» Provided information

- Opening Delimiter -

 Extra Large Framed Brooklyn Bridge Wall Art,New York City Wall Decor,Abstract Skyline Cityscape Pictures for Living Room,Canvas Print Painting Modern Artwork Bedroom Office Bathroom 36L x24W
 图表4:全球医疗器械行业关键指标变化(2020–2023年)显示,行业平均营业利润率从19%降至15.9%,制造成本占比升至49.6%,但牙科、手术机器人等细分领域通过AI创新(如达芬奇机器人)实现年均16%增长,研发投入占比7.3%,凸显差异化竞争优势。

- Closing Delimiter -
- Opening Delimiter -

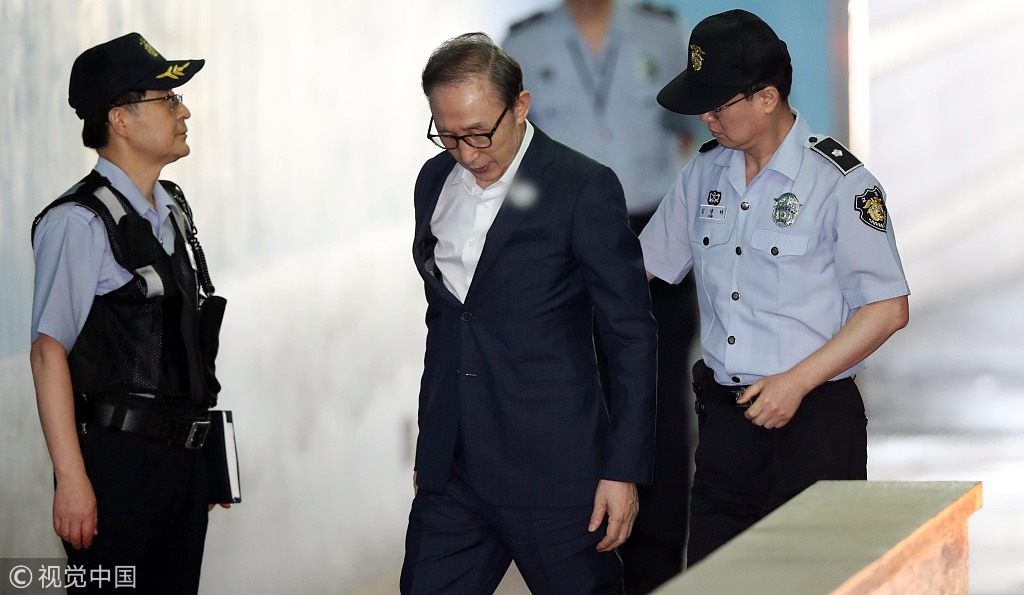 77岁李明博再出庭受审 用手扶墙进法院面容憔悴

- Closing Delimiter -
- Opening Delimiter -

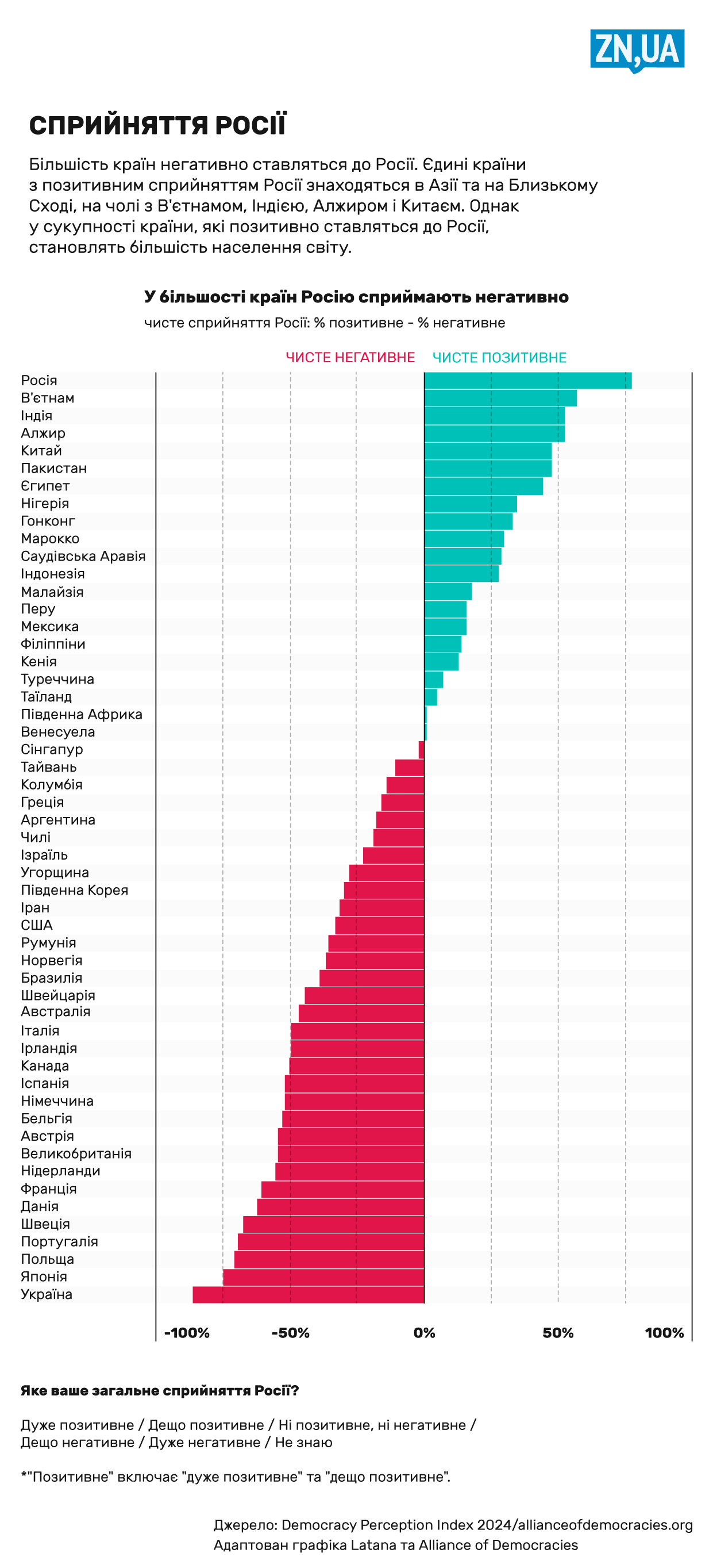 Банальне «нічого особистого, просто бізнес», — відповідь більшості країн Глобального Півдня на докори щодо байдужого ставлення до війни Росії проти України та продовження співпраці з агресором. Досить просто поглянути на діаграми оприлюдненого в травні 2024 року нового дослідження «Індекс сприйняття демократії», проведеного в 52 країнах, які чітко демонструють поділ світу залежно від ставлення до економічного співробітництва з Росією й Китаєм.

- Closing Delimiter -

» Work required
Taking the material above, extract exactly and only the lines from the line with "Extra Large Framed" to the line with "图表4:全球医疗器械行业关键", inclusive of both.

» Written solution
 Extra Large Framed Brooklyn Bridge Wall Art,New York City Wall Decor,Abstract Skyline Cityscape Pictures for Living Room,Canvas Print Painting Modern Artwork Bedroom Office Bathroom 36L x24W
 图表4:全球医疗器械行业关键指标变化(2020–2023年)显示,行业平均营业利润率从19%降至15.9%,制造成本占比升至49.6%,但牙科、手术机器人等细分领域通过AI创新(如达芬奇机器人)实现年均16%增长,研发投入占比7.3%,凸显差异化竞争优势。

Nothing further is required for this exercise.